Exercise instructions:
Leave out the pictures and retype, exactly, the lines below from the line with "당시 유가족(문근영가족)은 장례때" up to and including the line with "отличное платье, надевала", nothing more.

Given entries:
----------
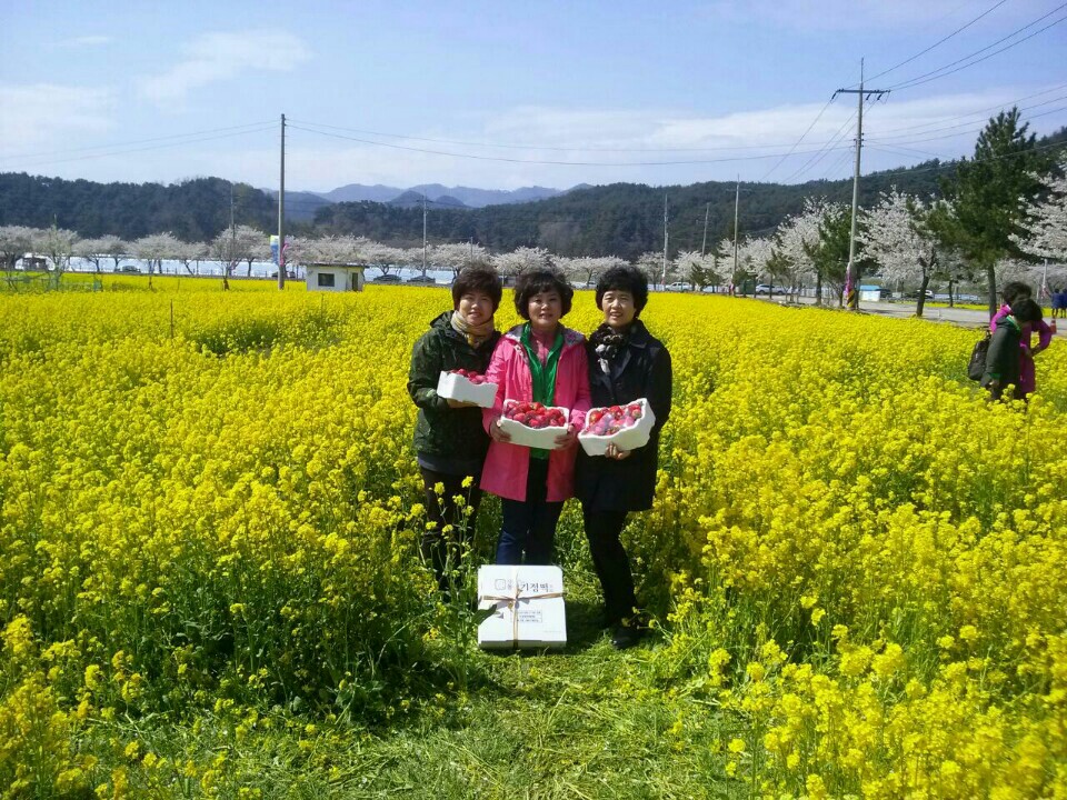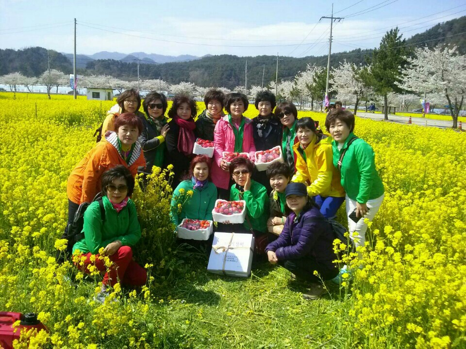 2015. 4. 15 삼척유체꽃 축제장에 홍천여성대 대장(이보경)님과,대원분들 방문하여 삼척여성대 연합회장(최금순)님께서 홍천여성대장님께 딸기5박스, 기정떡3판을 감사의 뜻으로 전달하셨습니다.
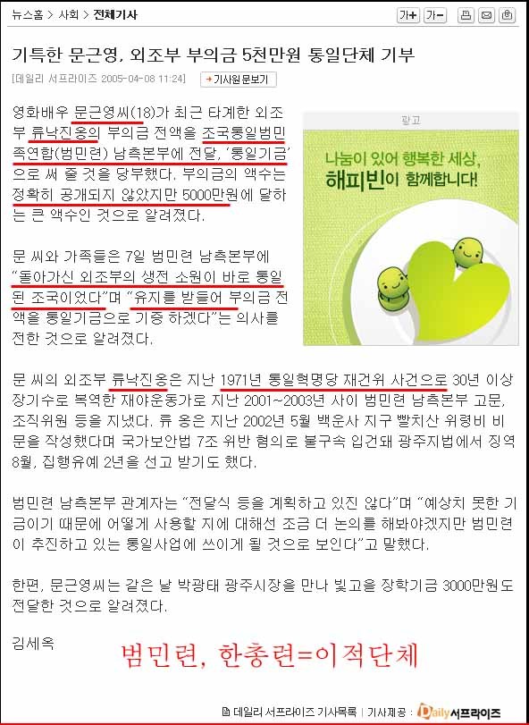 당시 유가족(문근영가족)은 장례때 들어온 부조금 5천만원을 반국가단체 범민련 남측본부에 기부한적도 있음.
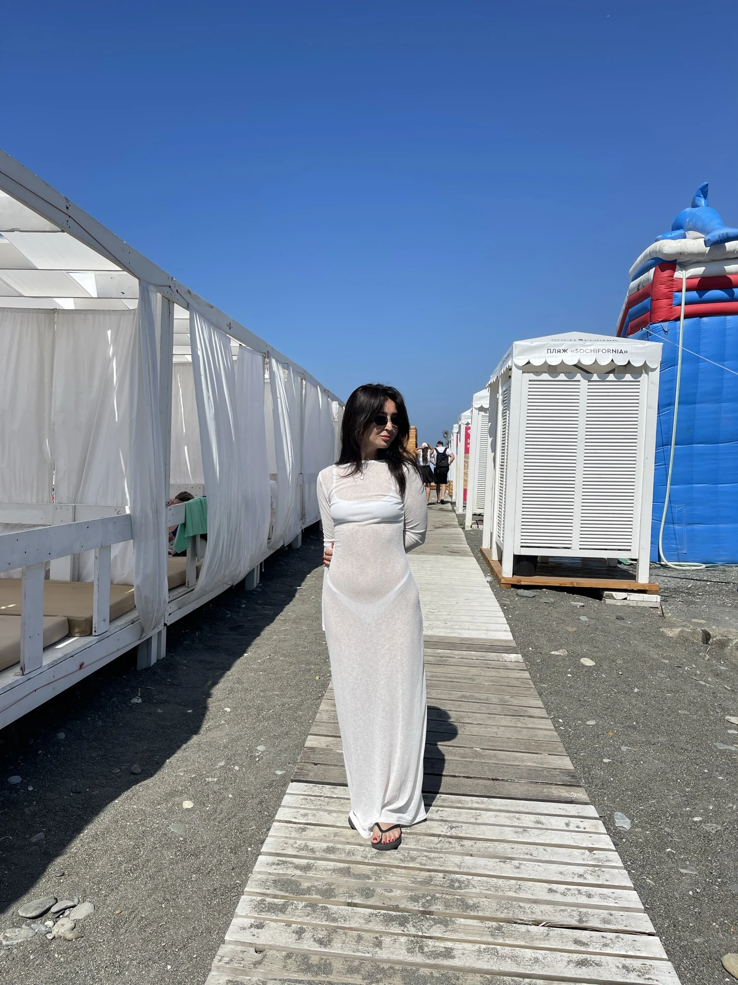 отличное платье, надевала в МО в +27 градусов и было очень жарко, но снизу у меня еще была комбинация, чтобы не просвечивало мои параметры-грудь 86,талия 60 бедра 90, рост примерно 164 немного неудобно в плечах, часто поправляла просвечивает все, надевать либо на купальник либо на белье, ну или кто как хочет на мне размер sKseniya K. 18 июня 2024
----------
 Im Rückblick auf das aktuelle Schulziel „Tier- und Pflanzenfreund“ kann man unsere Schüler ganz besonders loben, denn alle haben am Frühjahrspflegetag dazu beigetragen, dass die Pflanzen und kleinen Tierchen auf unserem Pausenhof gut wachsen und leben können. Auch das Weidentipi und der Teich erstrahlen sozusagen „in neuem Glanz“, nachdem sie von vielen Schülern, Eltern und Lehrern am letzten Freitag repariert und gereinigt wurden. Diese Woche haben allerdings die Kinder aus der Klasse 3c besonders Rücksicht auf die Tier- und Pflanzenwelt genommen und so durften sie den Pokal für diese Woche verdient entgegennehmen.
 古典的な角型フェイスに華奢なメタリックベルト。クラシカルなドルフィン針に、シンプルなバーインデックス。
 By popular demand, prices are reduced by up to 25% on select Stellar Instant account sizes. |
----------
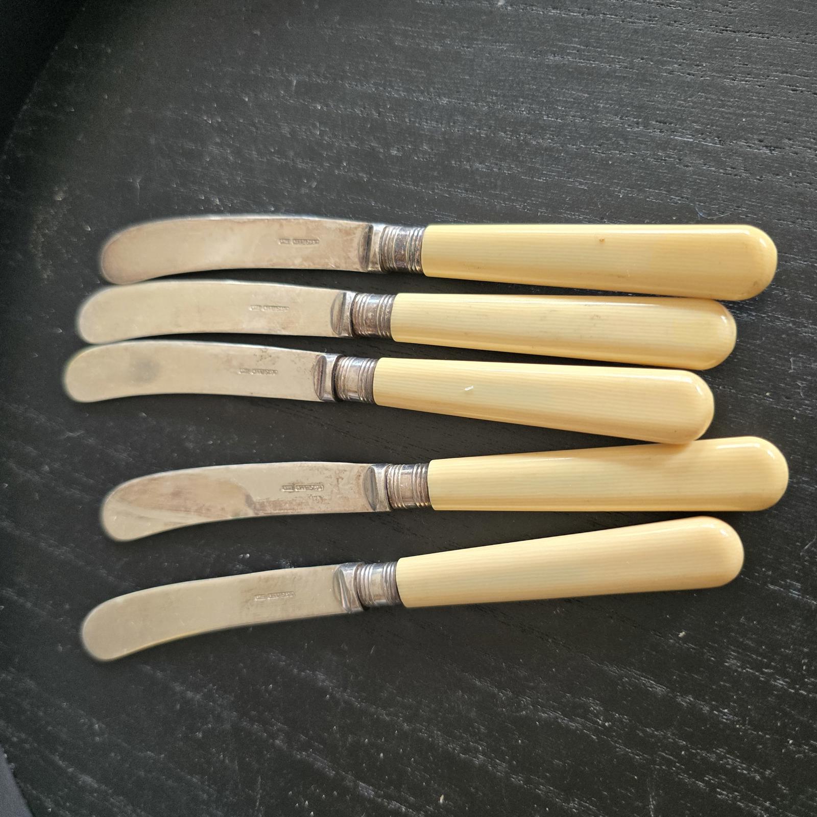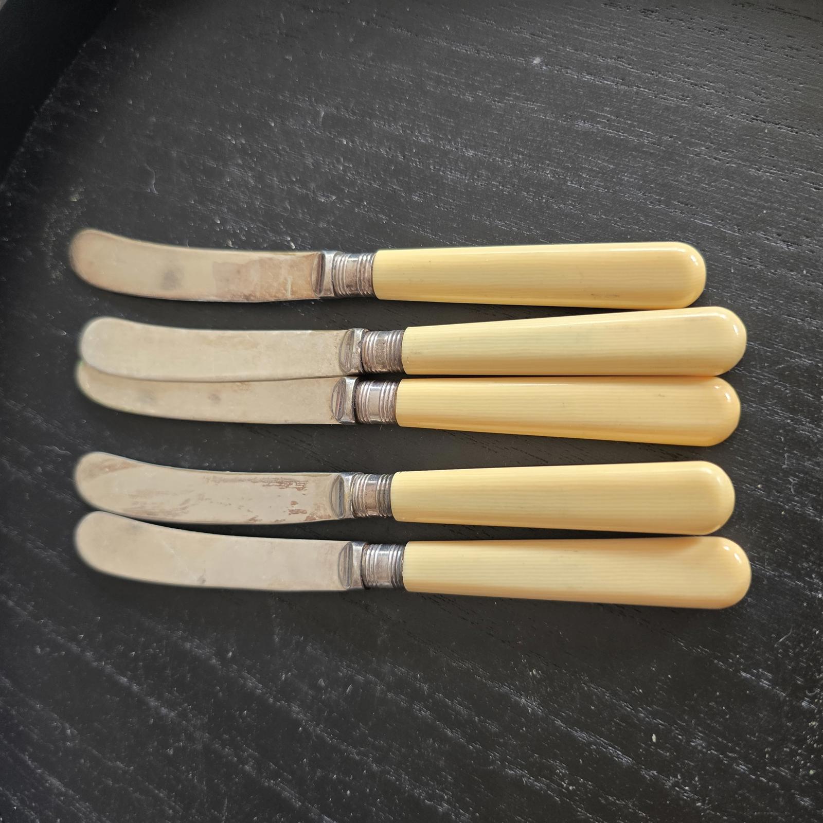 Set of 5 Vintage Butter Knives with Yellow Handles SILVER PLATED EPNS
----------
Your response:
 당시 유가족(문근영가족)은 장례때 들어온 부조금 5천만원을 반국가단체 범민련 남측본부에 기부한적도 있음.
 отличное платье, надевала в МО в +27 градусов и было очень жарко, но снизу у меня еще была комбинация, чтобы не просвечивало мои параметры-грудь 86,талия 60 бедра 90, рост примерно 164 немного неудобно в плечах, часто поправляла просвечивает все, надевать либо на купальник либо на белье, ну или кто как хочет на мне размер sKseniya K. 18 июня 2024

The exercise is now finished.